Multiple mediator analysis based on interventional effects

Without relying on any cross-world assumptions or any assumptions about the causal structure of the mediators, thus allowing U in Figure 4, the results in Table 2 (obtained as detailed in the eAppendix) suggest that, of the 2.8% (95% CI 2.3%–3.4%) total difference in survival probability, about a quarter of this (0.7%, 95%CI 0.5%–0.9%) is mediated by the dependence of treatment on stage and age at diagnosis, i.e. (8). Recall that we expected this effect to be small, except when there are particular interactions present, as is the case here (see eTable 2). Among women of a lower SES, there is a strong negative association between stage and treatment, meaning that those diagnosed at an advanced stage are less likely to receive major surgery. One possible interpretation would be that doctors and/or patients decide that treatment is not likely to be beneficial for patients with advanced disease, or that surgical treatment is substantially delayed for these patients due to tumor-reducing treatments such as chemotherapy being prioritised first. We see from eTable 2 that this negative association is much less pronounced for women of higher SES. Therefore, we would interpret this estimated 0.7% as the increase in survival that would be expected if the treatment decision, as a function of stage and age at diagnosis (and baseline confounders), would be made for poorer women as it is currently made for higher SES women. There is little evidence of further mediation through the treatment variable (estimated effect 0.02%, 95% CI: –0.05, 0.08%), and evidence of an effect through age and stage at diagnosis (estimated effect 0.7%, 95%CI 0.5%–0.8%). This would suggest that an additional 0.7% reduction in one-year mortality for lower SES women could be achieved if the distribution of age and stage at diagnosis (given year of diagnosis and region) were changed from that seen in lower SES women to that of higher SES women, a change that could perhaps be affected by encouraging better uptake of screening and other health-seeking behaviour among lower SES women.

Table 2.

Results of multiple mediator analysis based on interventional effects (CI: confidence interval; SE: standard error)

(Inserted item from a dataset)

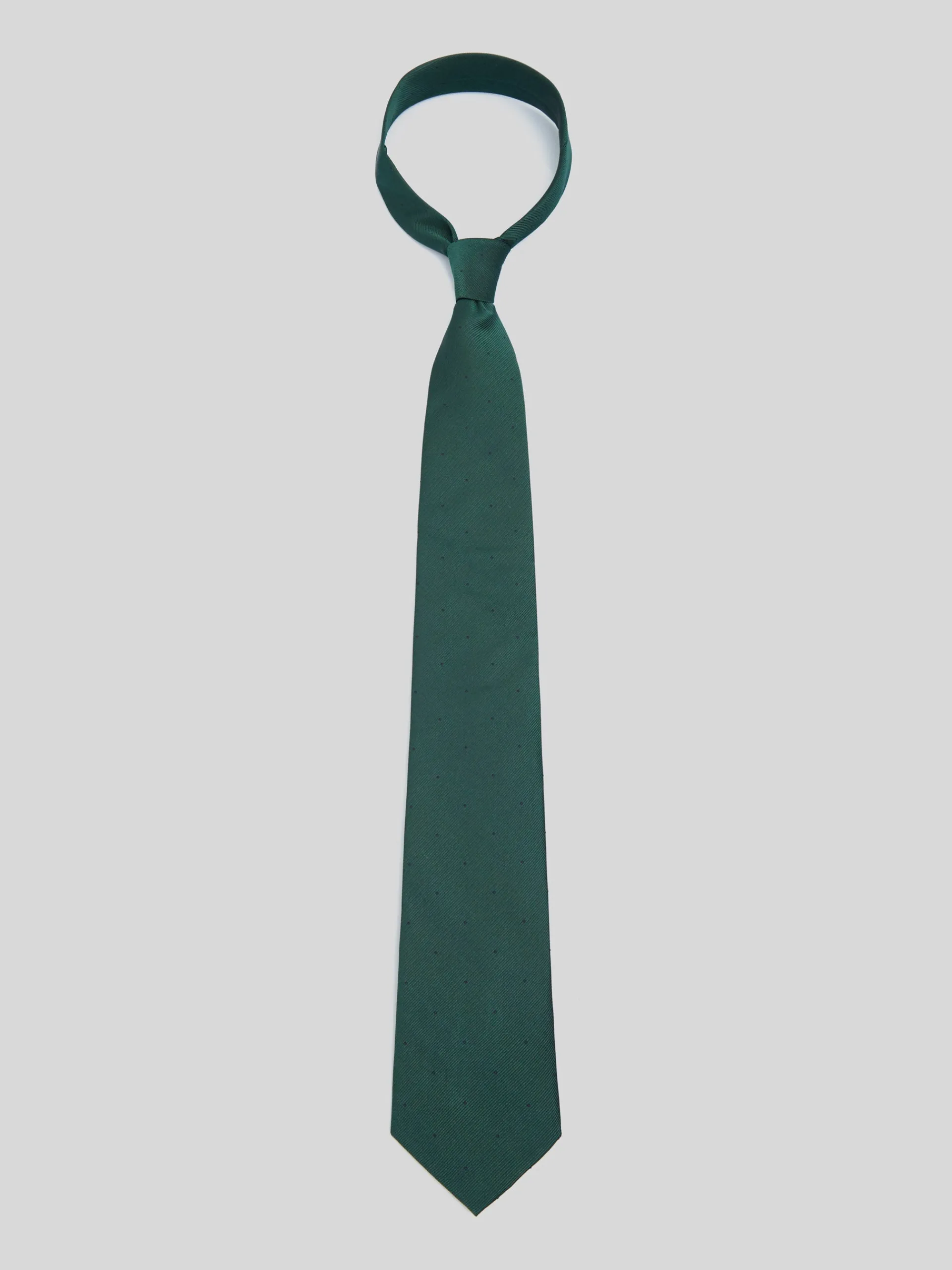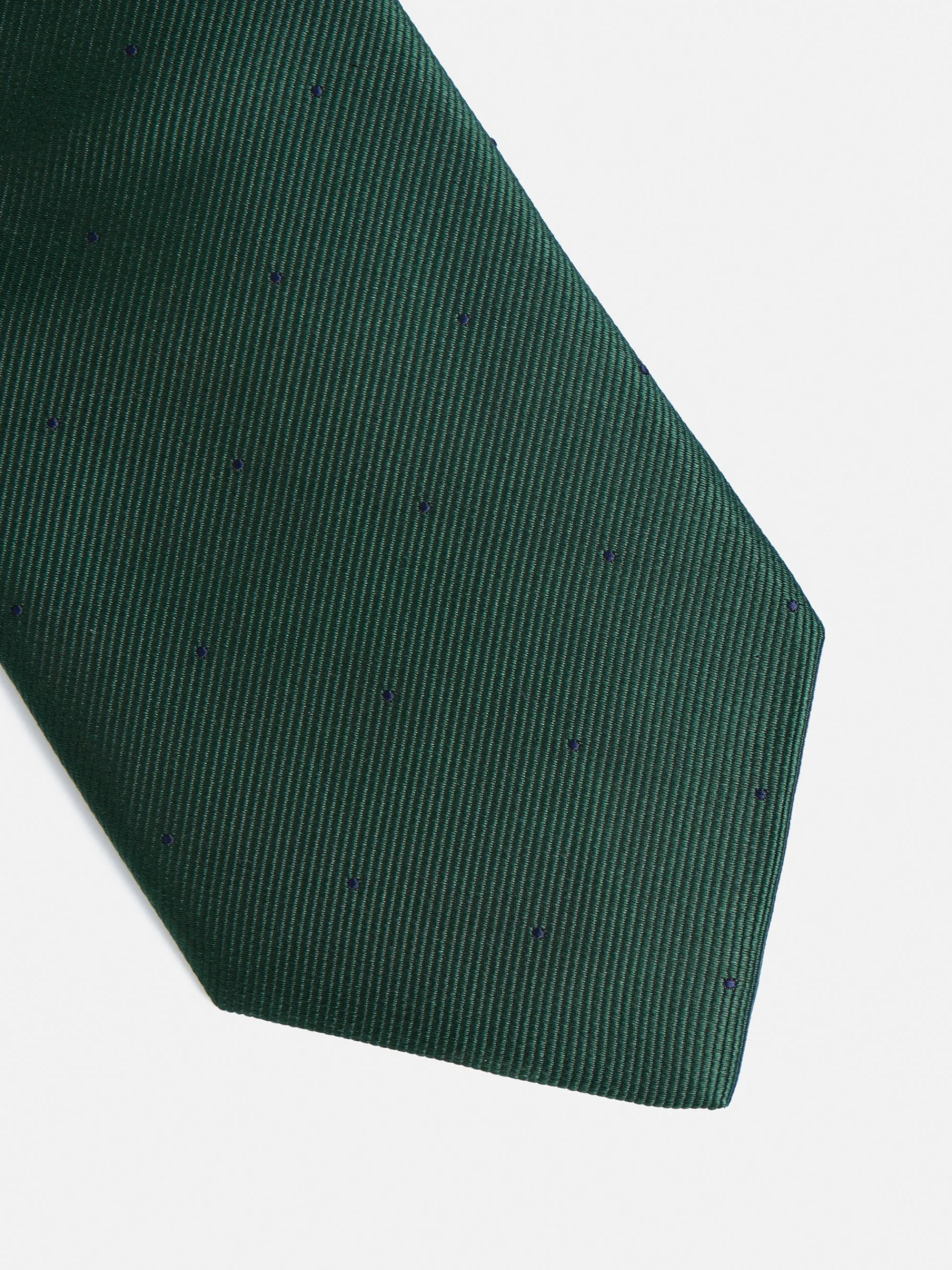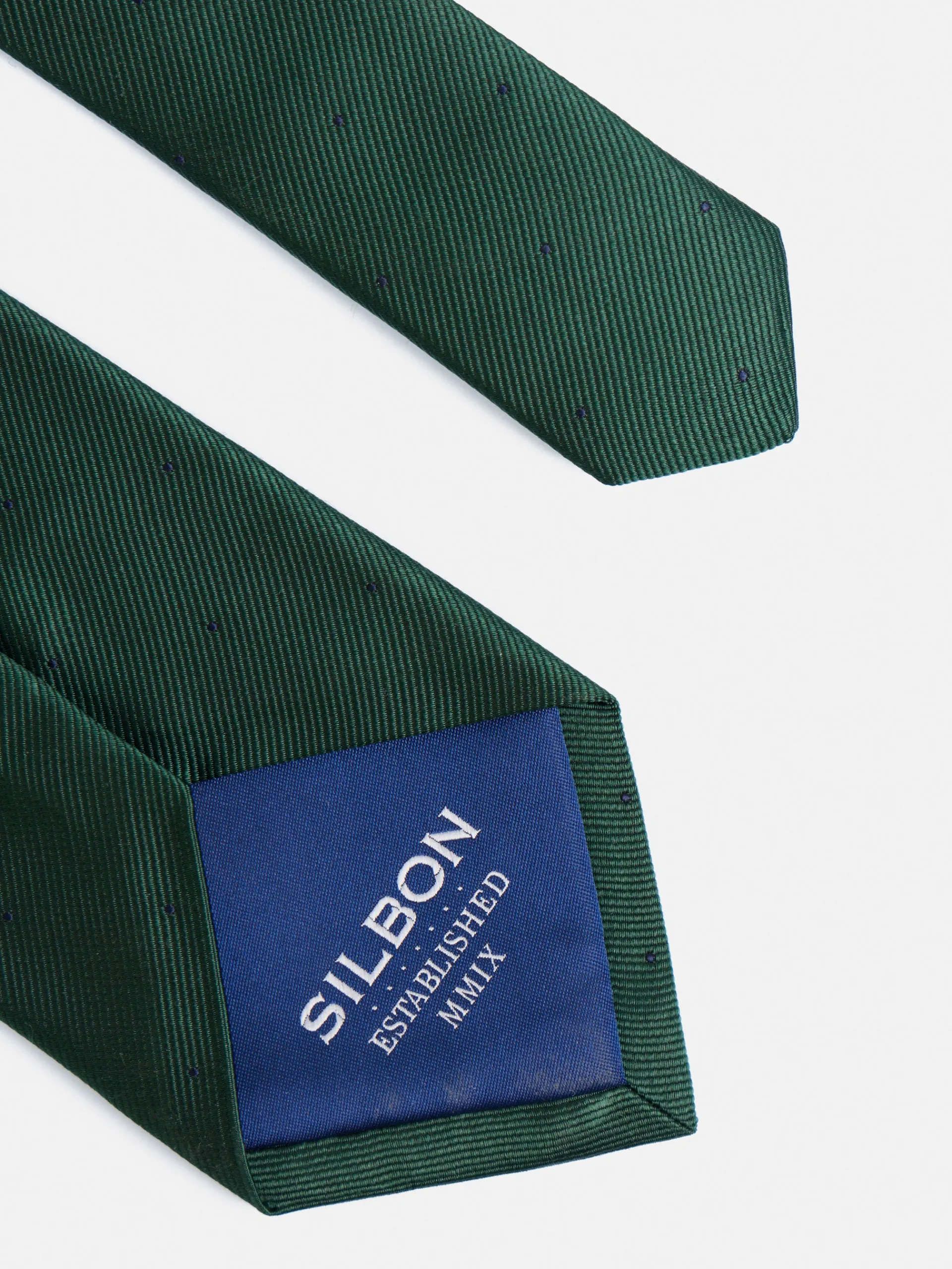 Corbata clásica de color verde confeccionada en 100% seda. Presenta estampado de mini puntos en color azul marino. Cuenta con forro azul personalizado.

Effect	Estimate	Bootstrap	95% CI
		SE	lower	upper
Total causal effect	0.028	0.0028	0.023	0.034
Interventional direct effect not through {M1, M2} (5)	0.013	0.0027	0.008	0.018
Interventional indirect effect through M1 (6)	0.007	0.0008	0.005	0.008
Interventional indirect effect through M2 (7)	0.0002	0.0003	–0.0005	0.0008
Interventional indirect effect through the dependence of M2 on M1 (8)	0.007	0.0009	0.005	0.009

Discussion

Most mediation analyses involve multiple mediators, either because of scientific interest in multiple pathways, or because certain confounders are mediators at the same time. When the mediators are independent⁷ or can be causally ordered¹⁵, but share no (unmeasured) common causes, then distinct pathways via those mediators can be identified. We have shown that progress can be made even in the likely event that mediators share unmeasured common causes, or when the direction of causality is unknown. This is possible by redirecting the focus on less ambitious interventional (in)direct effects. In this article, we have focused on effects defined on the additive scale. We refer to eAppendix A for similar result for effects on other (e.g. multiplicative) scales.

The proposed effect decomposition is relatively easy to perform via a (Monte-Carlo based) regression approach. It delivers effects mediated via each of the mediators separately, but also via the mediators’ dependence.